ランザ「ふぅ・・・。これだから覚悟も無いのに大きな口を叩く奴は嫌いなんだ。 安全な位置に居る時だけ偉そうな口を叩き、自分が危うくなるとこれだ」
頭を抱えて息を漏らしながら、ウンザリした様子で言う。
風音「え・・・? レイさんの件って、もう終わり?」
呆気なさ過ぎて、少し信じられない様子の風音。
ランザ「聞いた通りだ」
風音「どうも・・・ありがとうございます」
頭を下げる風音に。
ランザ「礼を言われるような事じゃない。
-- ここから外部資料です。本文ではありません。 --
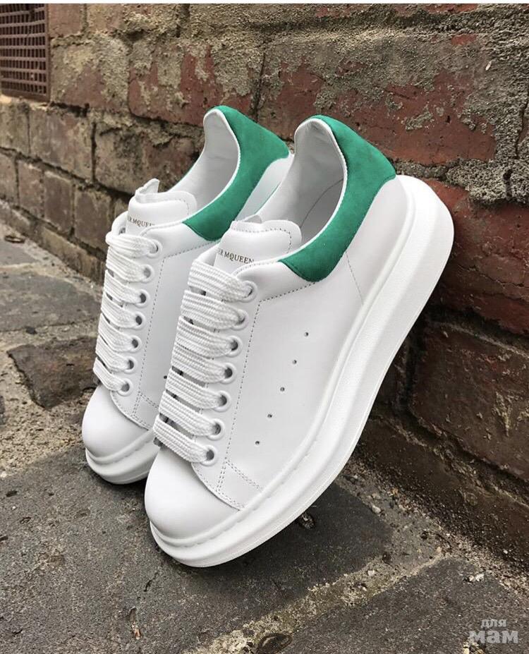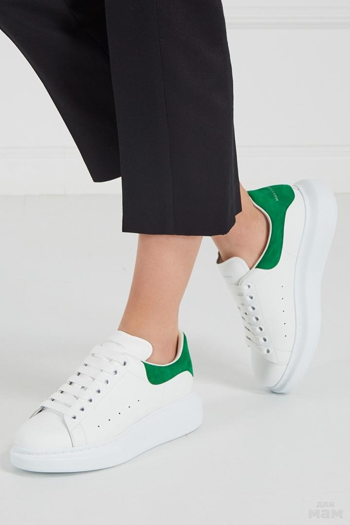 Белые кроссовки на шнуровке из гладкой кожи с закруглённым носком и замшевой деталью контрастного цвета на заднике. Широкие плоские шнурки. На заднике и язычке: логотип Alexander McQueen. Выступающая резиновая подошва.
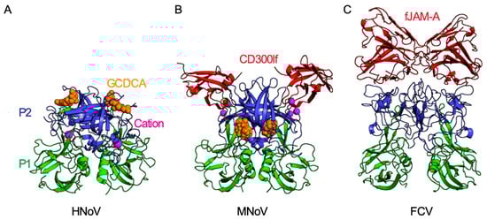 Molecular interactions of calicivirus capsid proteins. Each calicivirus has T = 3 icosahedral symmetry and is comprised of 90 VP1 dimers. Each VP1 capsid monomer is comprised of a shell (S) and a protruding (P) domain. The P domain is further subdivided into an apical P2 domain (blue) and a P1 domain (green) which connects the more variable P2 to the shell domain. (A) The secondary bile salt glycochenodeoxycholic acid (GCDCA; shown as orange space-filling model) binds to the apical region of the P2 domain of human norovirus (HNoV) GII.10 (PDB ID: 6GW1) []. This binding site partially overlaps with the HBGA binding site on HNoVs (not shown). (B) MNoV P2 binds the CD300lf receptor (red) at 1:1 stoichiometry (PDB IB: 6E47). Both cations (magenta) and GCDCA (orange) enhance binding of MNoV to CD300lf. GCDCA binds MNoV VP1 at the dimer interface between the protruding domains, a site different from the GCDCA-binding site on HNoV GII.10 [,,]. (C) The apical region of FCV capsid P2 domain binds the FCV receptor fJAM-A (PDB ID: 6GSI). Similar to CD300lf, fJAM-A is an Ig domain-containing membrane protein and binds the P2 domain at 1:1 stoichiometry. While the CD300lf ectodomain is comprised of a single Ig domain, fJAM-A has two Ig domains (D1 and D2) with only the distal D1 domain directly binding the FCV P2 domain [].

ディオスクライの返答次第では、敵になっていたわけだからな。 電話ではああ言っていたが、我々はディオスクライを始末する気など無かった。 わざと隊長が脅しをかけたあの状況で、ディオスクライが「それでも組織の掟を優先する」と組織に殉じる発言さえすれば、その意気に免じレイ長官を始末する仕事だけを請け負うつもりだった。だから最初に言っただろう? レイ長官が始末されずに済むか、私がレイ長官を始末するかの二択だと。 そこに他の誰かを巻き込むつもりなど、毛頭無かったよ」
とはいえ途中でリドルが言った、全員処分した方が良いってのは彼の本音のようだったが。
風音「だとしても」
風音が再び頭を下げる。
風音「ありがとうございました」
ランザ「・・・ふぅ。 どういたしまして」
礼は要らんと言ってるだろうに。こいつは人の話を聞いているのか・・・、と。
頭を下げる風音に、呆れたような表情で反応する。